The Virtue of Privacy and of Being a Private Person
At one time I shared my not-so-exciting life with others over the internet. I once had a Facebook account, a Myspace, and blog in which I talked all about my boring life and what was happening with it. I found that when I would say something that other people did not like or did not agree with, it came back to haunt me. Sometimes the results were just plain scary. The people I knew, on one hand, thought that I should share everything about my life with them. This was partly due to the fact that I was quite young when I moved out of my home and I moved quite far from the rest of my family. I found, however, that when I shared my life with others, there was much questioning about it. Many people came up to their own conclusions about my life, many of which were erroneous. Therefore, I began to slowly realize that sharing my life was not for me.
I have always enjoyed writing, both fiction and non-fiction. I have found that my writings are well received by those who I do not know, but those who I do know either do not care to read what I write, or they are offended by what they read between the lines. At one time I shared my writings with family and friends, but often this was met with angry responses about something or other. Sometimes these responses were not told directly to me, but I learned of them through another party. It was then I decided that I would withdraw as somewhat of an experiment. In fact, I found that it worked well. Writing without wondering what others would think or say made me stop worrying and caring. Instead, I focused on the writing and began to write for a new audience. I must say, it was exciting.
Talking to other writers, I find that I am not alone in having my work appreciated by other people but not by those who are close to me. For example, many bloggers state that their family does not read their blogs or that they do not understand the point to blogging. Much work goes into creating blogs and stories, and it's a shame that family members do not understand that such works are a creative endeavor that says a lot more about a person than what someone says on a Facebook account. Yet, people expect you to be on Facebook. In fact, I have found that it angers some that I am not on the site. What one writes on Facebook is rarely a creative endeavor, and if it is, it is not of the same caliber as a longer written work. I found that everything I wrote on Facebook was read, scrutinized, and taken apart. Some of the things I wrote which were not meant to offend got so twisted around that I was on the receiving end of a nasty lashing of the tongue (so to speak).

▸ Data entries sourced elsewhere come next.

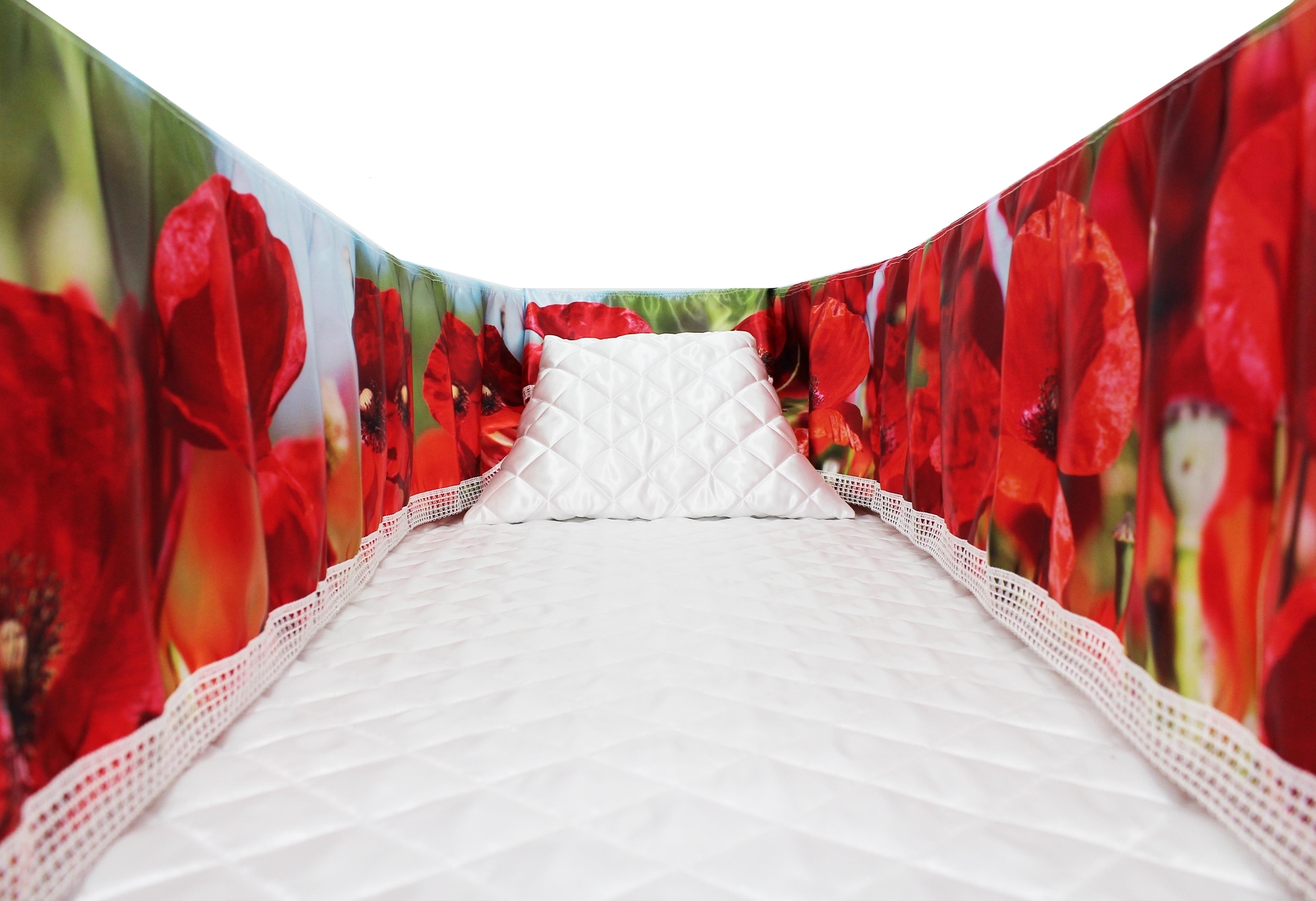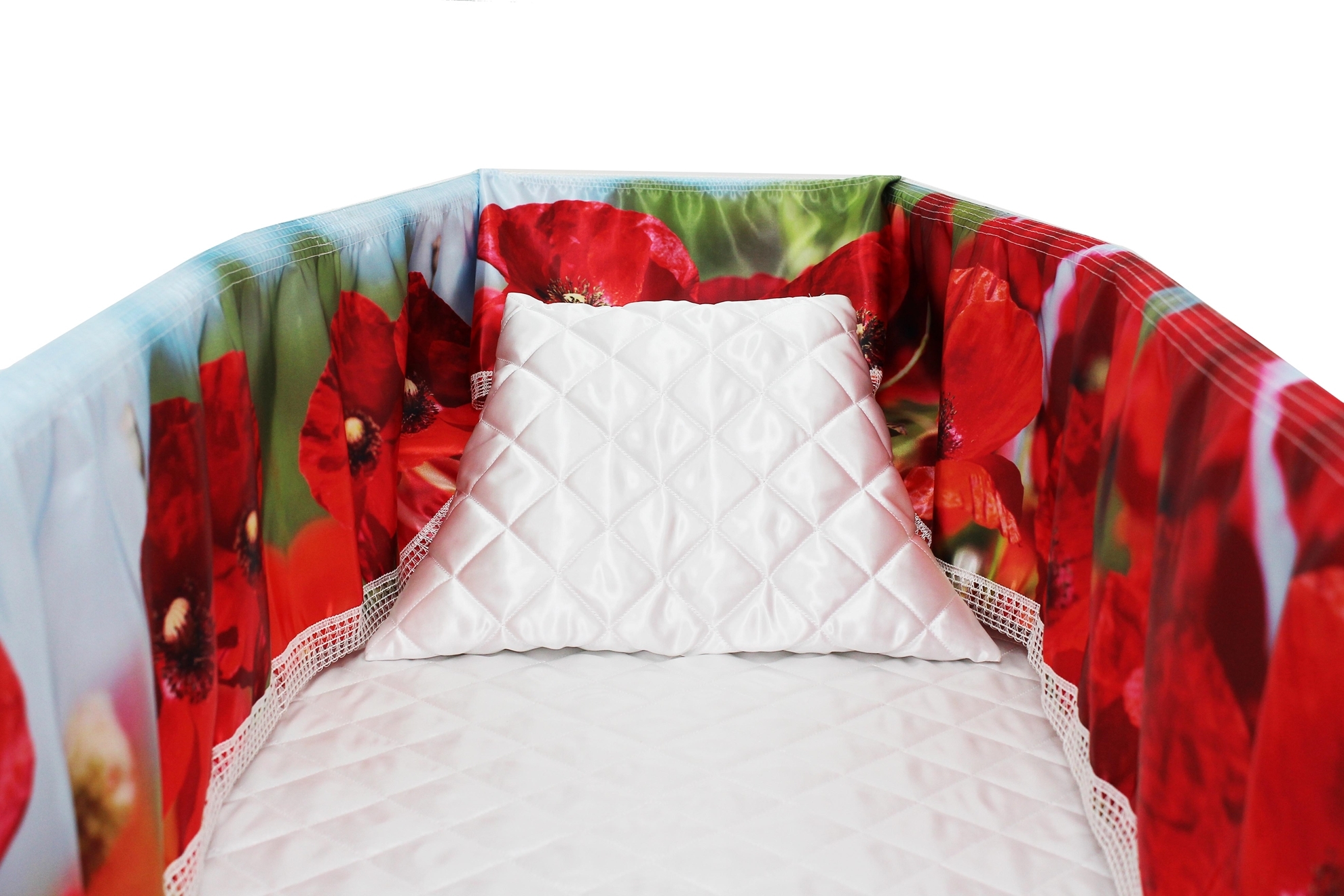 Luxury satin interior printed using water-based ink. The printed interior set consists of a 12-inch printed satin frill, printed satin facecloth, quilted satin pillow and a quilted satin mattress.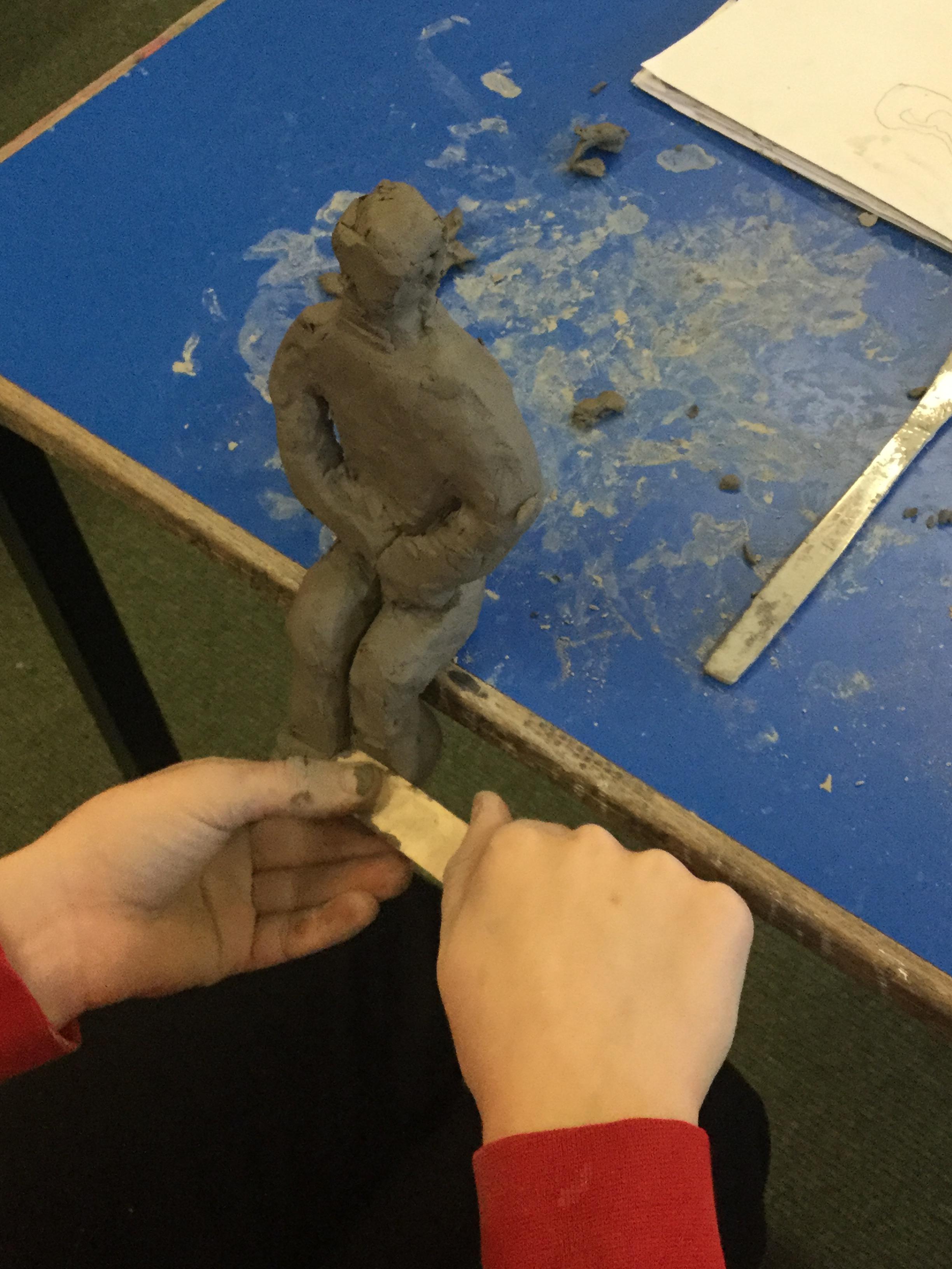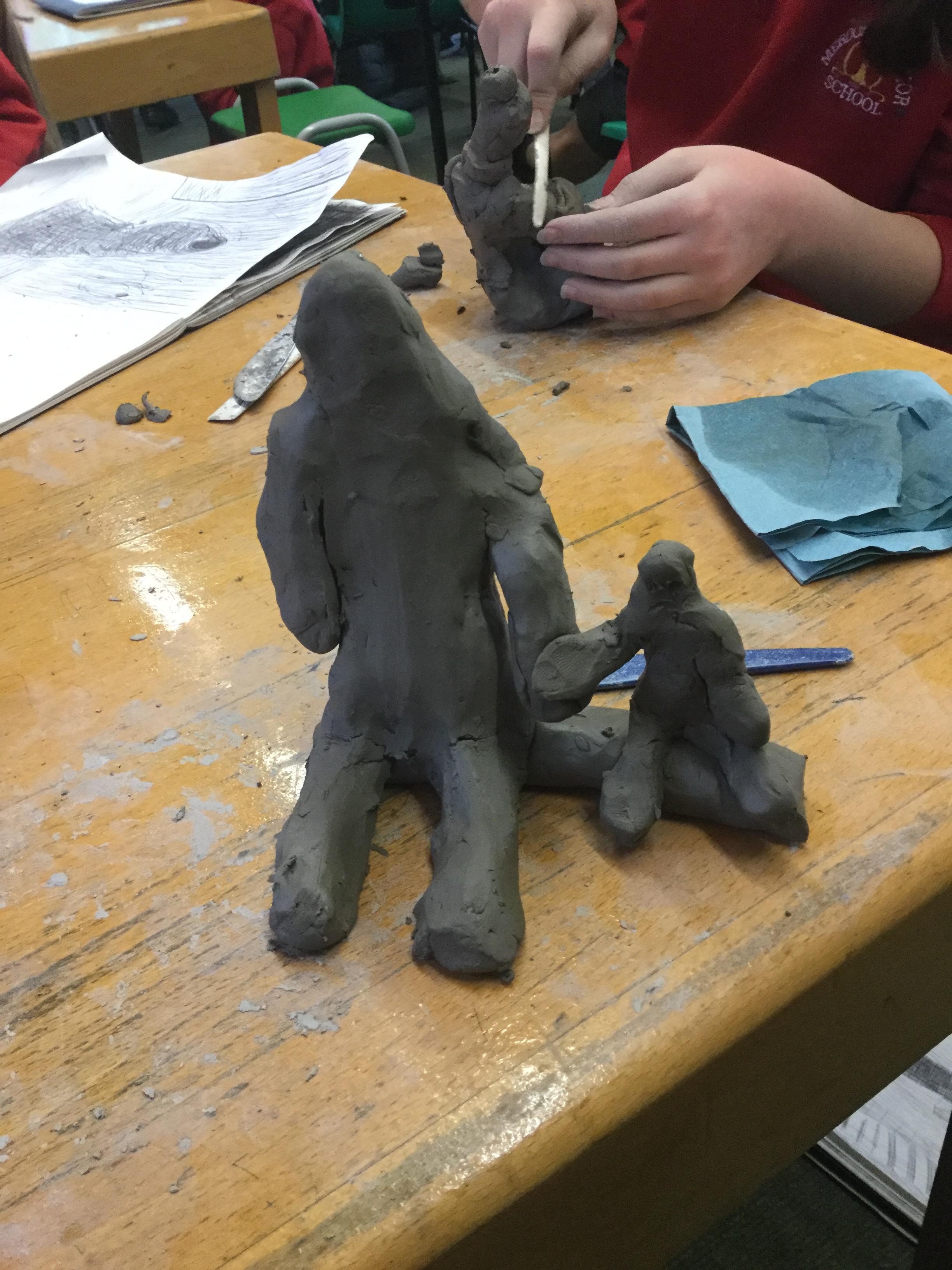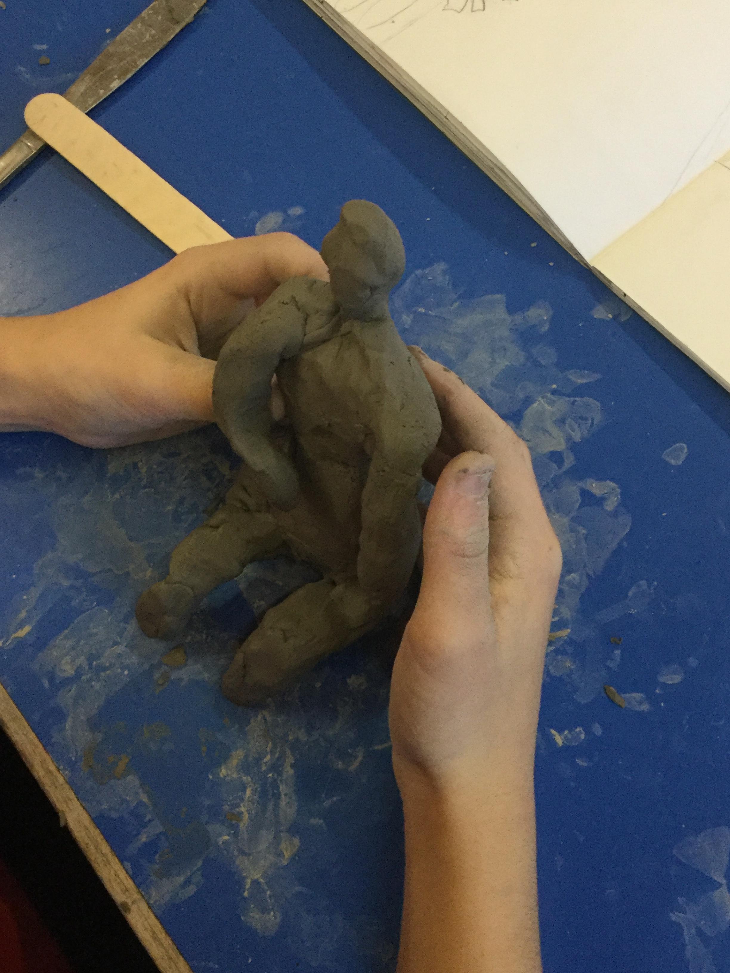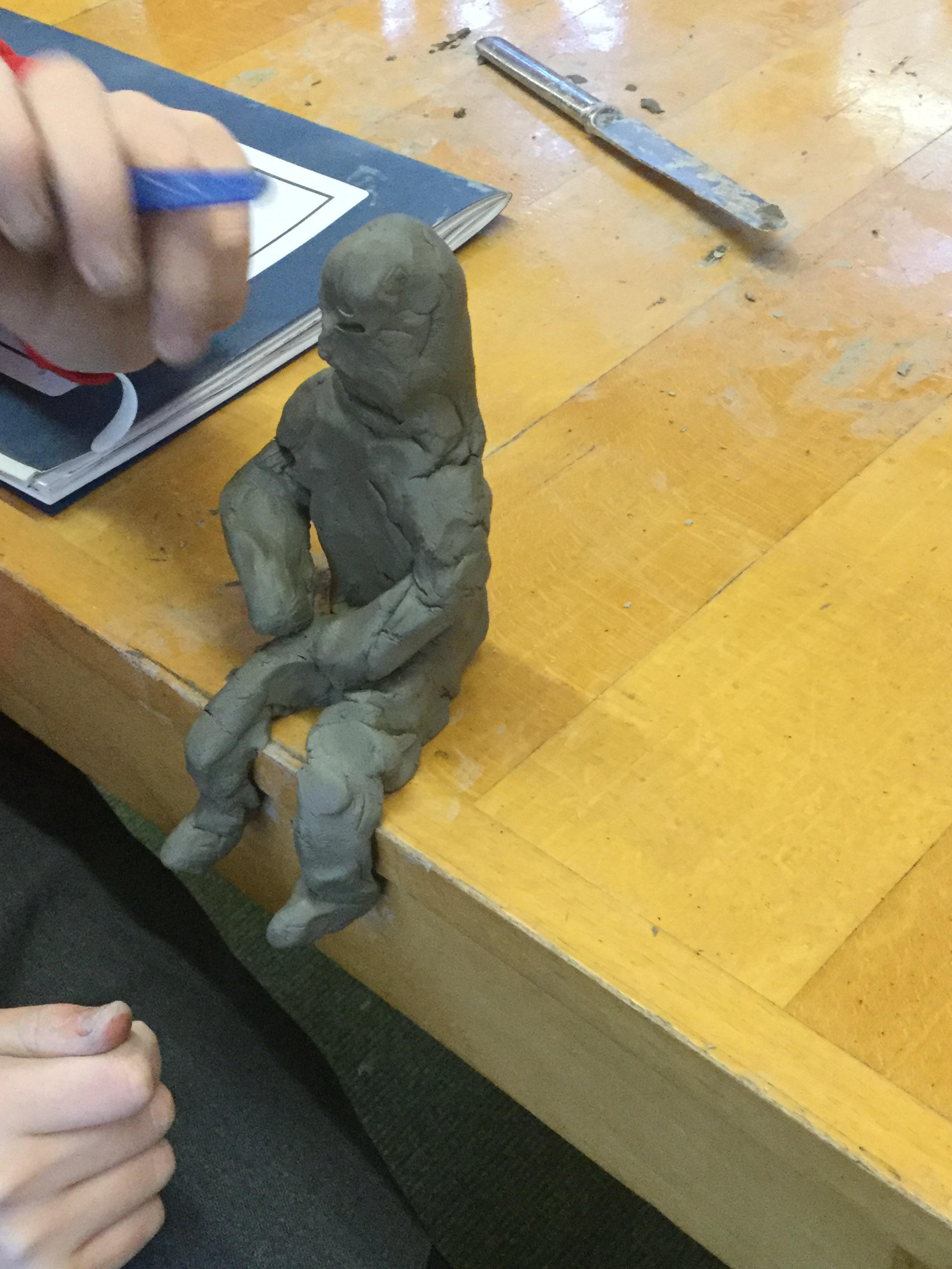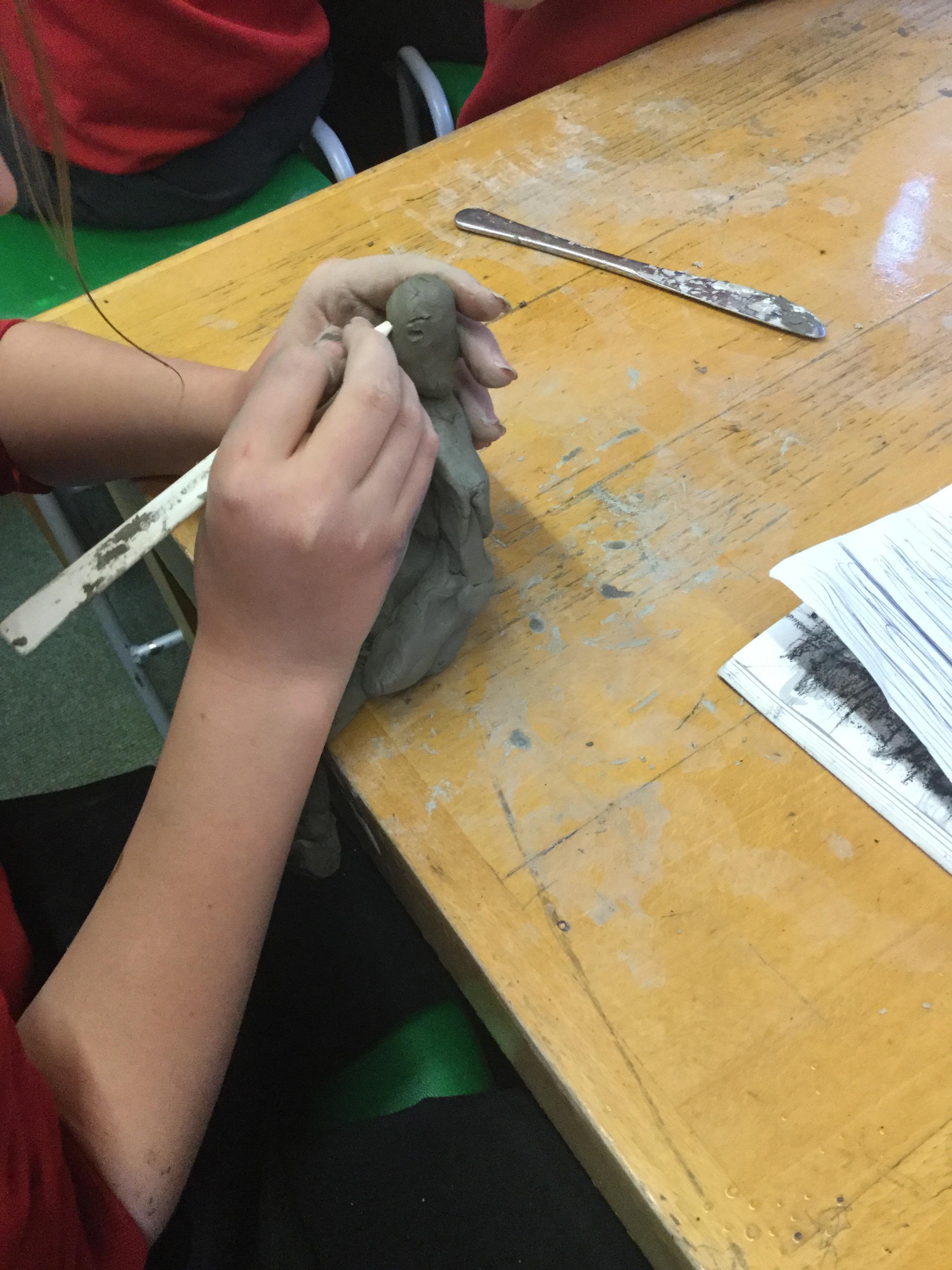 Designing our clay figures in the style of Henry Moore’s underground shelter figures.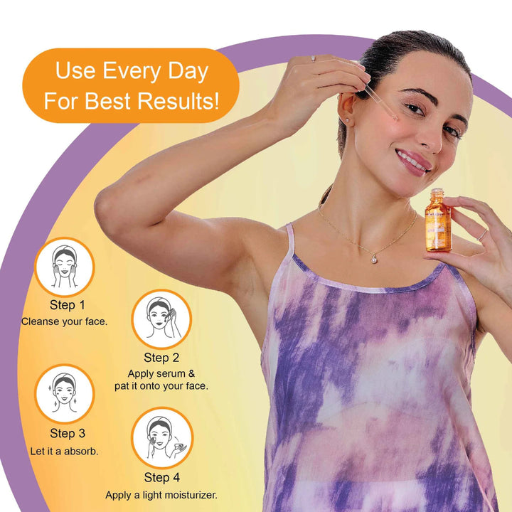 2. Apply a few drops of Dr. Rashel Vitamin C Face Serum on moist skin using your fingertips.
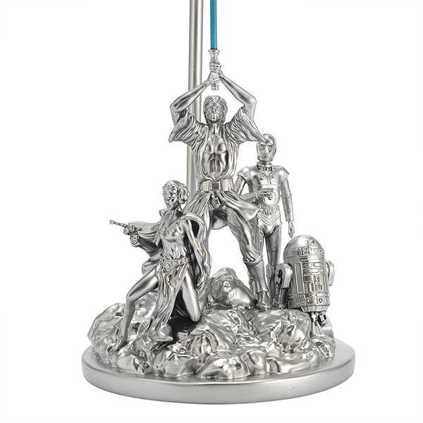 「Star Wars 曙光乍現立體造型檯燈」高約45.7 公分,以高超的雕刻技法將人物的服裝皺摺、機器人的線條紋路精準再現,路克高舉他的藍色光劍,也象徵著他即將踏入絕地武士之路,莉亞公主手握爆能手槍,再搭配兩個吉祥物R2 跟C3PO,這樣的經典組合實在非常令人懷念,絕對是老星戰迷不可錯過的具家必備良品啊!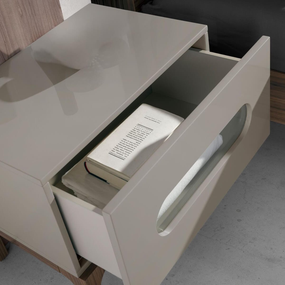 Modern dizájnú éjjeliszekrény szürke MDF fa szerkezettel és eredeti dió színű fa lábakkal. Az éjjeliszekrény belső világítása meleg és nyugodt légkört teremt, miközben jobban rálát a bútor belsejére. Eredeti edzett üveg részletei tökéletes stílust kölcsönöznek nappalijának. Nagy tárolóhellyel rendelkezik, 1 fiókkal, körmös nyitórendszerrel és lágyan záródó rendszerrel. A termék méretei: 60 x 41 x 51 cm. – Mind a lakkozott felület, mind az egyenes, modern dizájn teszi ezt az éjjeliszekrényt tökéletes darabjává hálószobájába. – A masszív dió színű fa lábkeret tökéletes választássá teszi, ha tartós dizájnt és bútort keres otthonába. – Egyenes vonalvezetésű kialakítása nyugalmat és melegséget visz bármely helyiségbe. – Ha csendes és nyugodt otthonra vágyik, ez az éjjeliszekrény nagy tárolóhelyének köszönhetően segít rendet tartani. – Az edzett üveg előlapi lyukkal ellátott elülső fiókkal és a belső LED-világítással ellátott kialakítás egyedi, sokoldalú és teljesen adaptálható kiegészítő bútorrá teszi bármely hálószobába vagy pihenőhelyiségbe.

I am not alone here. I have known people who are on Facebook who are constantly getting a lashing. Part of me thinks that these individuals are masochists, because they don't feel the need to end their involvement in (a)social networking and begin a psychologically healthier life. Instead, they feel a duty to be on it and share every essence of their lives with those who will take notice. The draw of watching other people or maintaining "virtual" friendships is so strong that many can not even begin to hope to escape. It is sad that they feel this way. I liken it to a sickness, because I strongly believe that this is not the optimal way to lives one's life. I also believe if something is not optimal, then the best method should instead be applied. The result, of course, is to leave the site. Of course, this is not what those who have a financial stake in the world of (a)social networking want you to realize. That's right: (a)social networking is a business, and to exist, it requires on you being on the site. Many people forget this and think that Facebook was created for "fun."
When I woke up to the reality that sharing my life with others was not for me, I realized that my life began to flourish. I realized that I shared too much with others, and pulled back on the reins, so to speak. I realized, however, that leaving Facebook would amount to little good if I was still to share everything I did through blogs and other writings. Therefore, I got rid of them. Of course, this may not work for everyone, but I felt happier and more sure of myself as a person once I stopped sharing my life with those who are 'far away'. I found that I was less creative and more lethargic about life as a whole when I was sharing my writings and creations with those who only scrutinized them. I found that being on Facebook is often a vehicle for others to watch you and keep you within their gaze. It is comforting to some to know that they watch you. Can you imagine the horror that many would feel if one day you were no longer on Facebook? This dependence on Facebook is part of the problem why many people are so addicted, and why there is much anger when a person disappears from the site.
Life is not about keeping secrets, but it's not about telling everything to others either. I have found that I have often told too much about myself and my life over the internet, and only came to regret it in the end. Facebook was one of those ways that easily allowed me to say far too much. I never felt comfortable telling the world about the small details of my life. Much of it is nobodies business. Other things only cause one, in the end, to feel negative emotions. I felt no want to make people jealous of my life through (a)social networking. I felt that competing with people over the internet that I once knew well, but now barely know, was a foolish endeavor. Such a site is a bastion for those who feel the need to be the center of the world's attention. That was always antithetical to who I was. I feel no need to embark on such a journey.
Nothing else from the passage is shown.